Gareth Bale had run the whole show, dragging hapless Icelandic defenders this way and that as he tore down the right touchline. His free kick for James Collins’ opening goal was whipped with such pace I found it impossible to follow onto the pate of the West Ham defender. It may have even gone in directly without a touch.
With 20 minutes remaining Bale collected the ball and once more began to run at the defenders. This was all perfectly in my line of sight. He kept coming, running almost directly into my lens, bamboozling one, two, then three Iceland defenders.
It was a thrill, seeing Bale, one of the world’s best on such form, albeit in a half empty stadium. Playing alongside other Real Madrid stars appeared to have finally given him full belief that he was worth it, he was that good, he had supreme confidence and grace. Not that he lacked it before, but I’d seldom seen him carry a whole game so obviously.
For a Tottenham fan like me, it was a bittersweet thrill: seeing what we had depended on so heavily last season, what we badly missed this season. Memories etched of that last minute goal in a finely balanced away match at West Ham last season. Teetering at 2-2, he dug out an astonishing top-corner strike from distance, and I roared from my sofa, the wide smile across my face not fading for a good half an hour.
The season before in an equally finely balanced match at Manchester City, when he restored hope and squared the game with a beautiful curling effort beyond Joe Hart. At that point, the score at 2-2, Tottenham closing in at the top of the table under Harry Redknapp, playing exceptional football; before Bale’s ball across the penalty area to Defoe, a stud’s length away; before Balotelli stamped on Scott Parker’s head but was spared a red card; before Balotelli nonchalantly stroked away a last minute penalty condemning us to defeat; before all that, it looked possible. Maybe, just maybe, we would challenge for the title.
Now Bale had largely given up on games of such slender margins to go and win the majority for Real Madrid.
For all that, his unwavering commitment to Wales kept bringing him back to Cardiff, the big question for Wales fans being: how well he could function on the pitch with Aaron Ramsey? The time spent on the pitch together for their country has been brief until now. If they can work together as well as their individual form suggests, supported by established regulars and emerging talents like Manchester City’s Emyr Huws and Liverpool starlet Harry Wilson, qualification for a first major tournament since 1958 could be within their grasp.

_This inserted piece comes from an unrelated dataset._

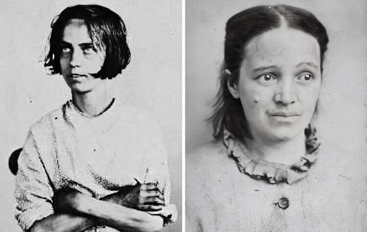 На фотографии слева можно видеть Гарриет Джордан, госпитализированную в 1858 году с диагнозом острая мания, а на правом фото — неизвестная женщина, страдающая острой меланхолией.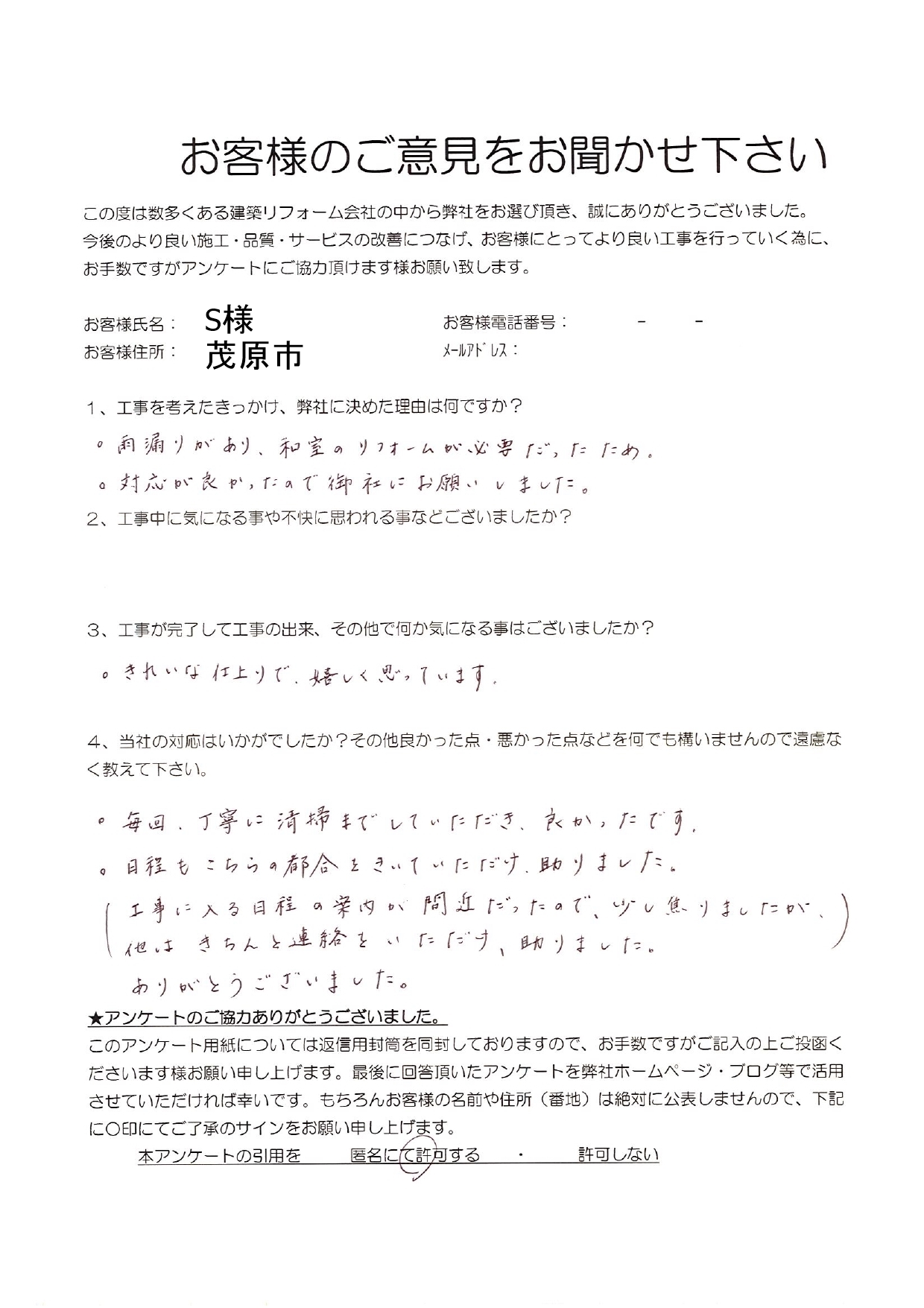 (工事に入る日程の案内が間近だったので少し焦りましたが他はきちんと連絡をいただけ、助かりました。)

For now, Gareth Bale was majestically filling my viewfinder. The quick dip inside the defender onto his left foot looked inevitable, but equally impossible to stop.
There it was.
And he ran over to celebrate, mutedly, almost embarrassed, a kiss blown to family in the one half of the Cardiff City Stadium with people in it.
I knew I had sendable images, although I also knew that so did all the other photographers sitting around me, the bolshy blokes with bazooka-like lenses who asked me to sit back a few inches so they could get a view. Hell, it was worth a shot anyway. And luckily, my painfully unreliable laptop decided to work when I needed it most, enabling me to get the shots away.
The next day, flipping through the newspapers, I saw many identical images to those I’d captured, my name alongside none. It wasn’t unexpected. Still, the buzz of capturing Bale in full-flight was enough.